-- WHAT NEEDS TO BE DONE --
Output the listing verbatim, leaving out every picture.

----

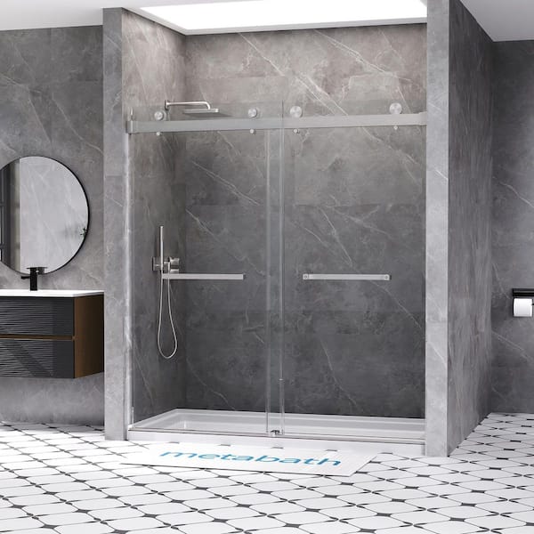 66 to 72 in. W x 76 in. H Double Sliding Frameless Shower Door in Brushed Nickel with 3/8 in. Tempered Clear Glass
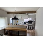 既存利用できるところは残し、必要な部分のみ改修を提案。 キッチンの間仕切り壁は撤去し、ll型のキッチンで対面型に改修。 極力ローコストでほぼ室内全面改修を実現できました。
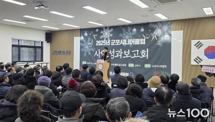 뉴스100 김동초 기자 | 군포시니어클럽은 12월 23일 군포시니어클럽 대강당에서 하은호 군포시장, 김귀근 군포시의회 의장 및 시의원 등 주요 내빈과 노인일자리 참여자 170여명이 참석한 가운데, 성과보고회를 개최했다.
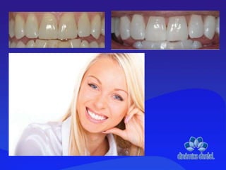 El documento habla sobre el blanqueamiento dental, un tratamiento seguro y efectivo para aclarar los dientes. Explica que involucra la aplicación de peróxido de carbamida u otros agentes blanqueadores a los dientes para desaturar su color de forma no invasiva. Señala que es un procedimiento muy popular que puede realizarse en el consultorio dental o de forma ambulatoria y tiene buenos resultados con alta satisfacción de los pacientes.
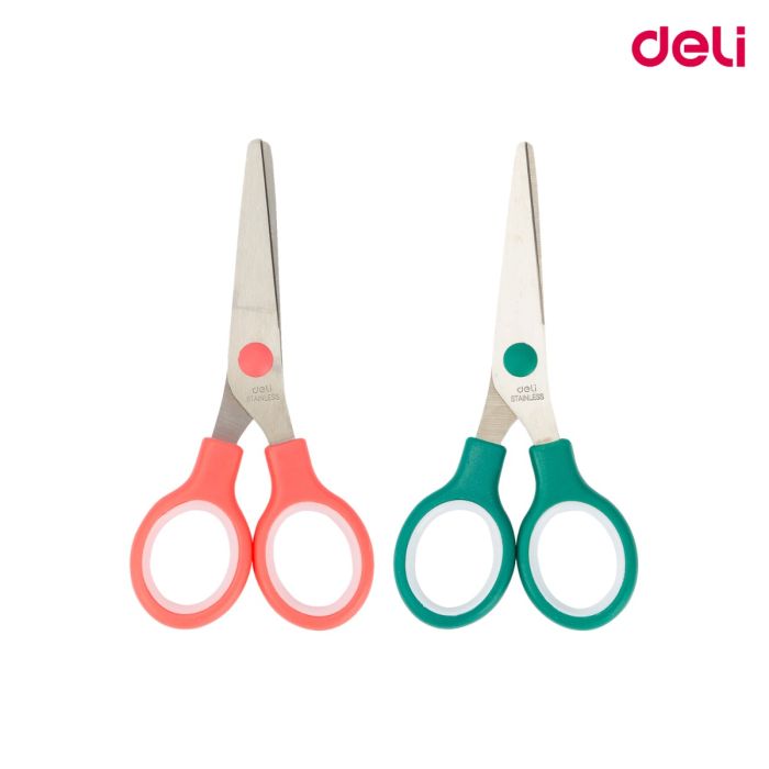 The School Scissors 132mm Deli - 6007 are 132mm scissors designed for children and students. They come in a vibrant blue and pink color, offering a fun, appealing look for young users. With rounded tips for safety and an ergonomic handle for a comfortable grip, these scissors are perfect for use in schools and home craft activities. They are ideal for cutting paper, cardboard, and other lightweight materials, ensuring ease and safety during arts and crafts projects.
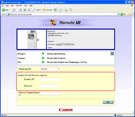 Wählen Sie den Anmeldemodus und geben Sie die Systemmanager ID und das Systempasswort oder den Anwendernamen und das Passwort für den Remote-UI-Zugriff ein.
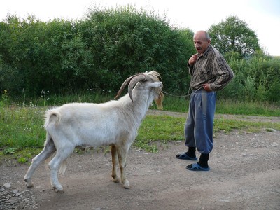 Кадр решает все козёл не хотел идти домой... даже на верёвке, упирался .....он любил сначала понюхать и пожевать дымящую сигарету и только после этого шёл какое-то время, козёл сам решал идти ему или нет. |
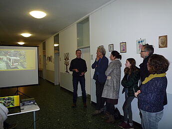Die Ausstellung wurde am Freitagnachmittag, dem 11. Januar 2019, durch Herrn Posingies, Herrn Marcus und Frau Schneider eröffnet. Herr Wernsing vom Verein "Lichtstrahl Uganda" erzählte anhand einer Diapräsentation von der Fahrrad-Reise einer Lichtstrahl-Uganda-Gruppe nach Gulu, zu der auch unser Schulleiter, Herr Schrand, gehörte. In Gulu war eine Fahrradstation fertiggestellt worden, die durch den Sponsorenlauf während eines Sportfestes der Hittorf-Schüler/innen finanziert werden konnte.

----

-- TASK ANSWER --
 66 to 72 in. W x 76 in. H Double Sliding Frameless Shower Door in Brushed Nickel with 3/8 in. Tempered Clear Glass
 既存利用できるところは残し、必要な部分のみ改修を提案。 キッチンの間仕切り壁は撤去し、ll型のキッチンで対面型に改修。 極力ローコストでほぼ室内全面改修を実現できました。
 뉴스100 김동초 기자 | 군포시니어클럽은 12월 23일 군포시니어클럽 대강당에서 하은호 군포시장, 김귀근 군포시의회 의장 및 시의원 등 주요 내빈과 노인일자리 참여자 170여명이 참석한 가운데, 성과보고회를 개최했다.
 El documento habla sobre el blanqueamiento dental, un tratamiento seguro y efectivo para aclarar los dientes. Explica que involucra la aplicación de peróxido de carbamida u otros agentes blanqueadores a los dientes para desaturar su color de forma no invasiva. Señala que es un procedimiento muy popular que puede realizarse en el consultorio dental o de forma ambulatoria y tiene buenos resultados con alta satisfacción de los pacientes.
 The School Scissors 132mm Deli - 6007 are 132mm scissors designed for children and students. They come in a vibrant blue and pink color, offering a fun, appealing look for young users. With rounded tips for safety and an ergonomic handle for a comfortable grip, these scissors are perfect for use in schools and home craft activities. They are ideal for cutting paper, cardboard, and other lightweight materials, ensuring ease and safety during arts and crafts projects.
 Wählen Sie den Anmeldemodus und geben Sie die Systemmanager ID und das Systempasswort oder den Anwendernamen und das Passwort für den Remote-UI-Zugriff ein.
 Кадр решает все козёл не хотел идти домой... даже на верёвке, упирался .....он любил сначала понюхать и пожевать дымящую сигарету и только после этого шёл какое-то время, козёл сам решал идти ему или нет. |
Die Ausstellung wurde am Freitagnachmittag, dem 11. Januar 2019, durch Herrn Posingies, Herrn Marcus und Frau Schneider eröffnet. Herr Wernsing vom Verein "Lichtstrahl Uganda" erzählte anhand einer Diapräsentation von der Fahrrad-Reise einer Lichtstrahl-Uganda-Gruppe nach Gulu, zu der auch unser Schulleiter, Herr Schrand, gehörte. In Gulu war eine Fahrradstation fertiggestellt worden, die durch den Sponsorenlauf während eines Sportfestes der Hittorf-Schüler/innen finanziert werden konnte.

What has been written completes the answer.